→ **Task brief**
The records below are to be repeated exactly, and their pictures left out.

[Dataset excerpts]
== == ==

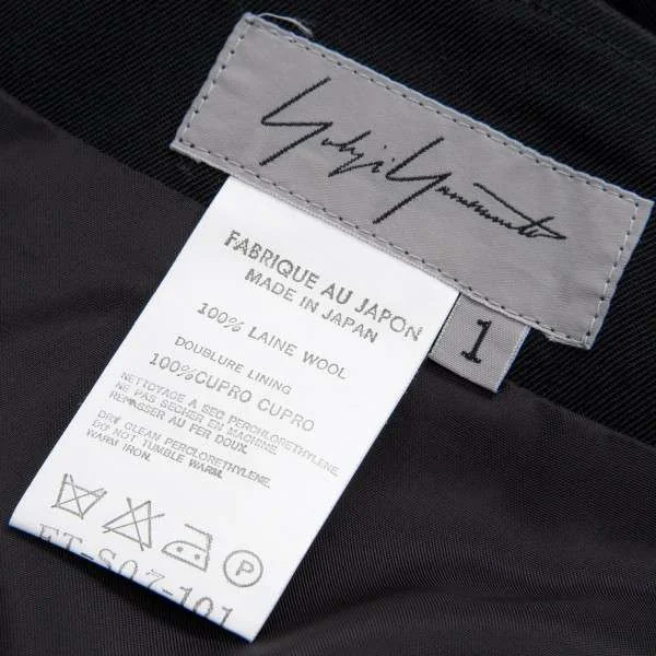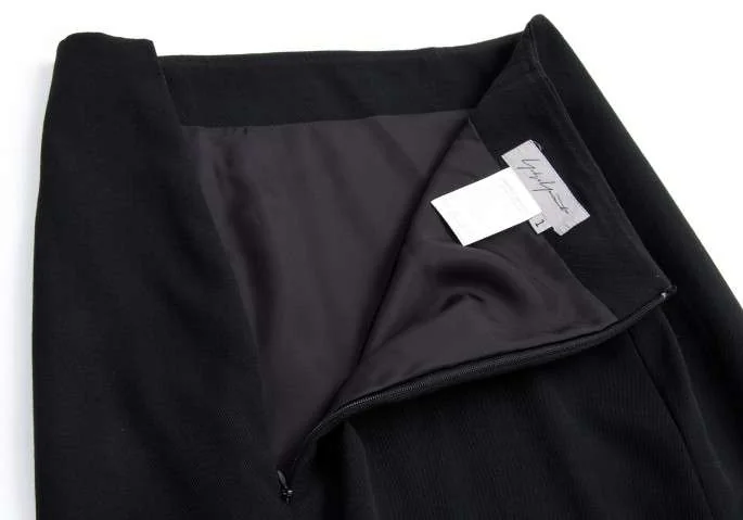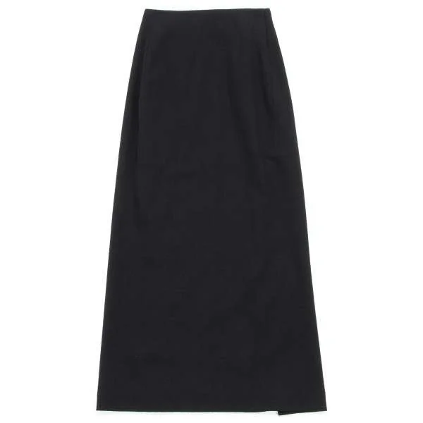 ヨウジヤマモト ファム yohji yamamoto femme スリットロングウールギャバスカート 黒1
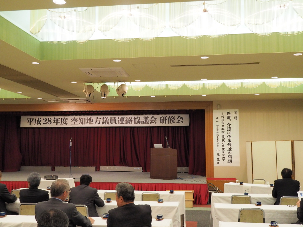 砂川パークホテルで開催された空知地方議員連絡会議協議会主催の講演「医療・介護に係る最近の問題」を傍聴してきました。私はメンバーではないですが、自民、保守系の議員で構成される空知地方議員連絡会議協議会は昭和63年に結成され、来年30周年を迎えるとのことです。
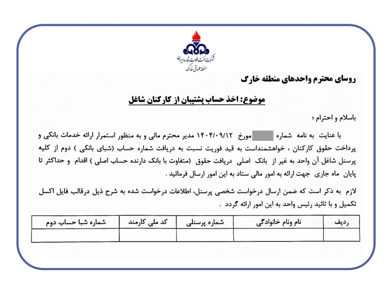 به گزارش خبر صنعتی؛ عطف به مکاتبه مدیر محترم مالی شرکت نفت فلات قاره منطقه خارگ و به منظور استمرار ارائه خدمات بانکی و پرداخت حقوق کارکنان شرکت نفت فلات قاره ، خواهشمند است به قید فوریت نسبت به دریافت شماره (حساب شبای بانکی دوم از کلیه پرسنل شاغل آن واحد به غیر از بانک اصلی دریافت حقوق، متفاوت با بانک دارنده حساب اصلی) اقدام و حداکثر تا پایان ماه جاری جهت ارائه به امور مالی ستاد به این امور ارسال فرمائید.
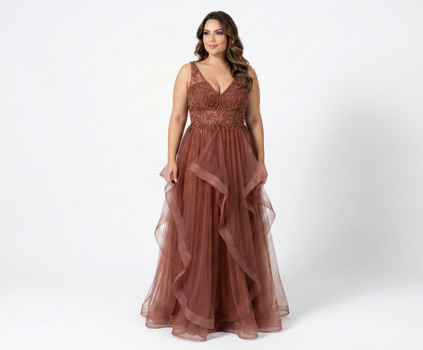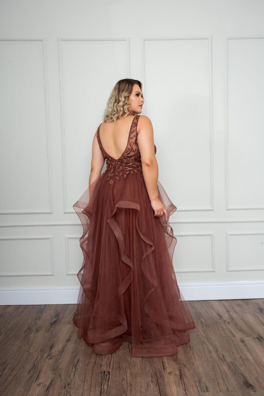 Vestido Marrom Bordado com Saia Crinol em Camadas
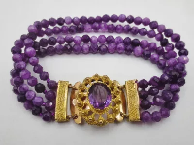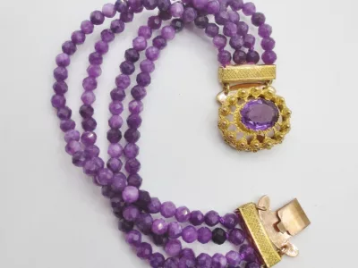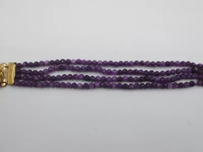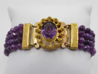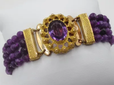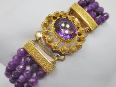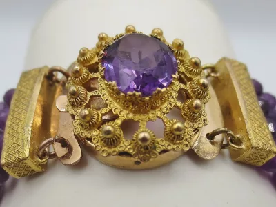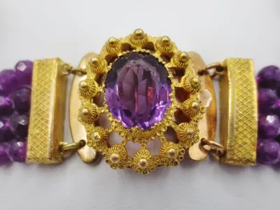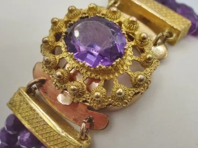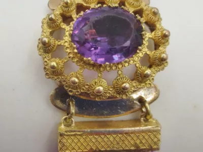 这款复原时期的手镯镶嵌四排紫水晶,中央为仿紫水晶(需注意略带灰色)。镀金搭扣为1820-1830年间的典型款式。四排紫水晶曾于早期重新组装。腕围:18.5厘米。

== == ==

→ **Result**
 ヨウジヤマモト ファム yohji yamamoto femme スリットロングウールギャバスカート 黒1
 砂川パークホテルで開催された空知地方議員連絡会議協議会主催の講演「医療・介護に係る最近の問題」を傍聴してきました。私はメンバーではないですが、自民、保守系の議員で構成される空知地方議員連絡会議協議会は昭和63年に結成され、来年30周年を迎えるとのことです。
 به گزارش خبر صنعتی؛ عطف به مکاتبه مدیر محترم مالی شرکت نفت فلات قاره منطقه خارگ و به منظور استمرار ارائه خدمات بانکی و پرداخت حقوق کارکنان شرکت نفت فلات قاره ، خواهشمند است به قید فوریت نسبت به دریافت شماره (حساب شبای بانکی دوم از کلیه پرسنل شاغل آن واحد به غیر از بانک اصلی دریافت حقوق، متفاوت با بانک دارنده حساب اصلی) اقدام و حداکثر تا پایان ماه جاری جهت ارائه به امور مالی ستاد به این امور ارسال فرمائید.
 Vestido Marrom Bordado com Saia Crinol em Camadas
 这款复原时期的手镯镶嵌四排紫水晶,中央为仿紫水晶(需注意略带灰色)。镀金搭扣为1820-1830年间的典型款式。四排紫水晶曾于早期重新组装。腕围:18.5厘米。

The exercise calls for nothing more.